Once we went to the other extreme and rotted in Widener during the holidays preparing for a make-up exam. Never do it. It dries the skin. One's eyes become dull and glazed, like prisoners' in Sing Sing. And one can't keep one's self respect, cating in Hayes Bickford or Lowell House.
For vacation is the time to watch the spring come in, not to fly to tropical summer or to stretch out winter to the crack of doom. It's the time for a dash on the young colt through country lanes in Connecticut, for tramping over wet hills, bag over shoulder, pushing a golf ball from bog to bog, trap to trap, and every so often sinking a birdie. Time to rise with the dawn, and hark to the lark in the trees by the edge of the lake in the morning mist, and watch the forsythia push forth in glory. And for the evening there's time to push to the metropolis for the theater or a spot of late dancing, just a touch of urban revelry to season the gentle time.

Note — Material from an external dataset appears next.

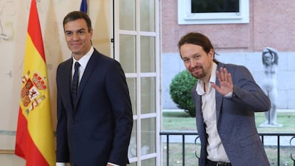 Hasta que termine la legislatura, previsiblemente en 2020 si se cumplen los planes de La Moncloa, el Gobierno de Pedro Sánchez está obligado a contar con el apoyo parlamentario de Unidos Podemos, su socio principal, y del resto de grupos que le ayudaron a llegar a la presidencia tras la moción de censura del pasado junio. El primer reto llegará en los próximos días. Después de que presenten a Bruselas las líneas maestras de las cuentas generales —el lunes— el Ejecutivo tendrá que convencer a ERC, PdeCAT y PNV para que también respalden el acuerdo. “Es una tarea que le corresponde al Gobierno”, dice el líder de Podemos. “Pero nosotros estamos dispuestos a ayudar como ya hicimos en Cataluña”, puntualiza mostrando su optimismo en que conseguirán los números necesarios para la tramitación parlamentaria.

For us the keynote of pleasure came at a Manhattan night spot after a keen day of sport in the Litchfield Hills,--a keynote of country and city life combined. A chappie was entertaining the assembled throng telling about a golf game with one of his friends. It was a game where there'd been a certain amount of boozing before, and the caddie could dish one up from time to time. At the third hole, a short one of about a hundred yards, things were looping along.
The man seized his driver, swung like a giant crane, and topped the ball just short of the green. There he grabbed a mashie, took another terrific swipe at the pellet, topped it again and it rolled into the cup.
That stumped him. "I'm in a helluva mess", he blurted out. "I guess I'll need my niblick to got out of this."